Мелинда Гейтс потянулась за платочком, Баффет застыл от горя на сиденье по соседству с ее мужем. Два церковных хора, в черных и белых одеждах, пели Моцарта. Четверо мужчин подняли на плечи гроб и медленно понесли его вдоль прохода под звуки «Прекрасной Америки». Семья проследовала за процессией к кладбищу Оук Хилл, где Кэтрин должна была быть погребена рядом с мужем.

В тот день более четырехсот человек приехали к дому Грэхем. Поминки проходили на заднем дворе. Дети и внуки Кэтрин стояли там, беседуя с гостями. Под натянутым в саду тентом, где располагался буфет, гости ели маленькие канапе, изящно порезанную ветчину и вырезку. Они бродили вокруг бассейна и по дому, оживляя воспоминания. Они стояли в гостиной, где президент Рейган как-то ползал на четвереньках, подбирая рассыпанные им кубики льда. В последний раз они смотрели на книги и безделушки в библиотеке, где миссис Грэхем размышляла, стоит ли ей публиковать досье Пентагона. Они остановились, чтобы в последний раз рассмотреть фарфор Наполеона, висевший на стенах над круглыми обеденными столами, за которыми обедали все американские президенты от Кеннеди до Клинтона. Пришли все, кто когда-либо был гостями Кэтрин Грэхем, — от принцессы Дианы до Жаклин Онассис20. Дом был полон воспоминаний об исторически значимых событиях.

Уоррен в последний раз прошелся по дому Кей, но нигде не

задержался. Он ушел рано и никогда больше сюда не возвращался”.

День продолжался, друзья и почитатели Кэтрин Грэхем прощались с ней. Пройдя сквозь длинный холл мимо комнат, где она так часто развлекала гостей, они выходили в сад и покидали последнюю вечеринку Кей.

Глава 56. Богатые для богатых

Омаха • июль 2001— июль 2002 года

Баффет вернулся в Небраску в одиночестве. Каждую минуту свободную от сна, он старался заняться чем-то, что отвлекало бы его от тяжелых мыслей. Он читал Financial Times, New York Times, Wall Street Journal. Он смотрел телеканал CNBC. Он говорил по телефону. Он устраивал партии в бридж по вечерам. Он читал новости в Интернете. Он играл в компьютерный симулятор вертолета.
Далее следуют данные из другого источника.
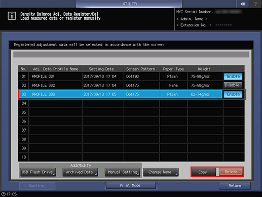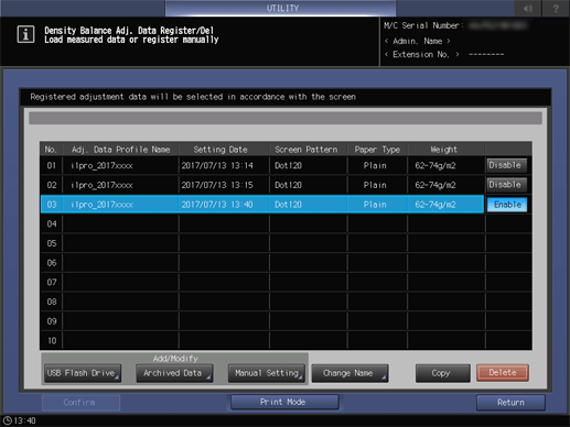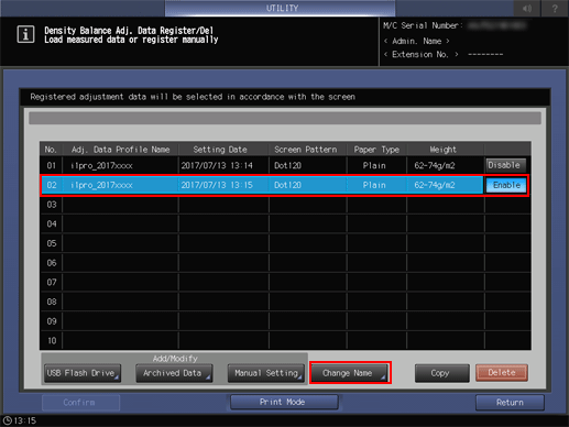 supplementary explanationIf multiple pieces of adjustment data are set for the same screen type, paper type, and weight, set Enable for the desired one. Others are automatically set to Disable.

Неделю спустя во время телефонного разговора он заплакал в трубку. Сдержать свое горе в тот раз он не смог. Через минуту, когда сжимавшая горло волна горя отступила, он сумел заговорить опять. Он выразил сожаление, что не смог сказать добрых слов о Кей на ее похоронах. Ему было очень стыдно из-за этого. Человек, который столько работал над тем, чтобы комфортно чувствовать себя на публике, должен был сделать это для Кей. Он сожалел и о других вещах. Думал еще об очень многом.

«Если бы в тот день я играл с ней в бридж, возможно, она бы не упала,

— вспоминал он позже с горечью. — Я бы сам перенес ее из машины для гольфа. Возможно, она бы не умерла».
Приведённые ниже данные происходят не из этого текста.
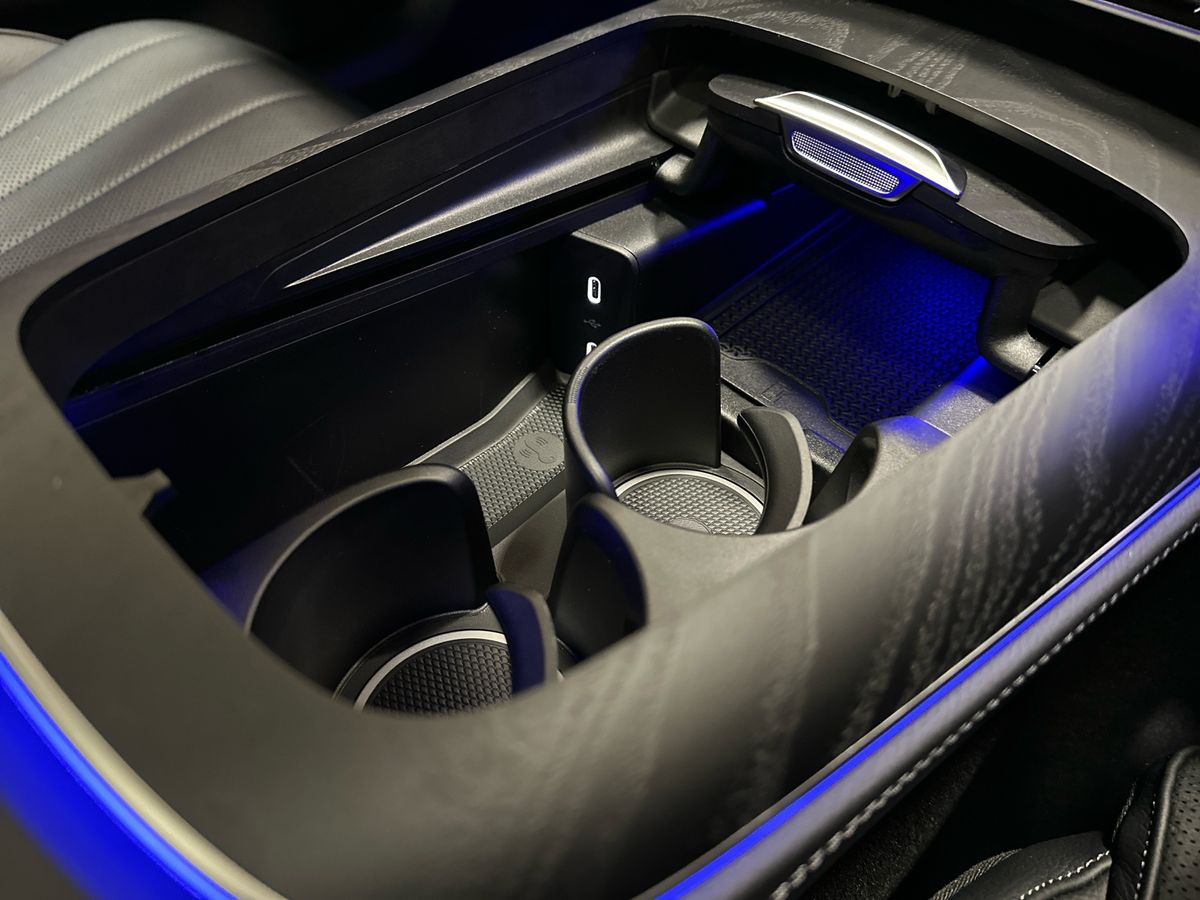 Black leather interior with anthracite accents, AMG floor mats and fine open-pore ash trim

Но Кей, скорее всего, в любом случае сама бы пошла вверх по лестнице. Кроме того, Баффет в точности не знал, погибла ли она от того, что упала, или упала от того, что у нее случился сердечный приступ.

И все-таки Уоррена терзало чувство, что он не сделал всего, что мог бы сделать. Время от времени он думал, что, оставшись тогда с Кей, уберег бы ее от беды.

Проходили недели, но стоило кому-нибудь упомянуть в его присутствии о смерти Кей, глаза Уоррена наполнялись слезами и разговор прерывался до тех пор, пока он не приходил в себя. Потом, подобно заглохшему и вновь заведенному мотору, Баффет оживлялся и начинал говорить на другие темы.

Отвлечься от мыслей о трагедии в августе Баффету помогало еще и то, что он занимался организацией десятого благотворительного турнира по гольфу Omaha Classic, который должен был пройти в сентябре. С нетерпением Уоррен ожидал октябрьской встречи Buffet Group во французском Биаррице. Вместе с Большой Сьюзи он слетал в Коди и провел длинный уик-энд на ранчо Герберта Аллена J-9, расположенном на северном рукаве реки Шошон.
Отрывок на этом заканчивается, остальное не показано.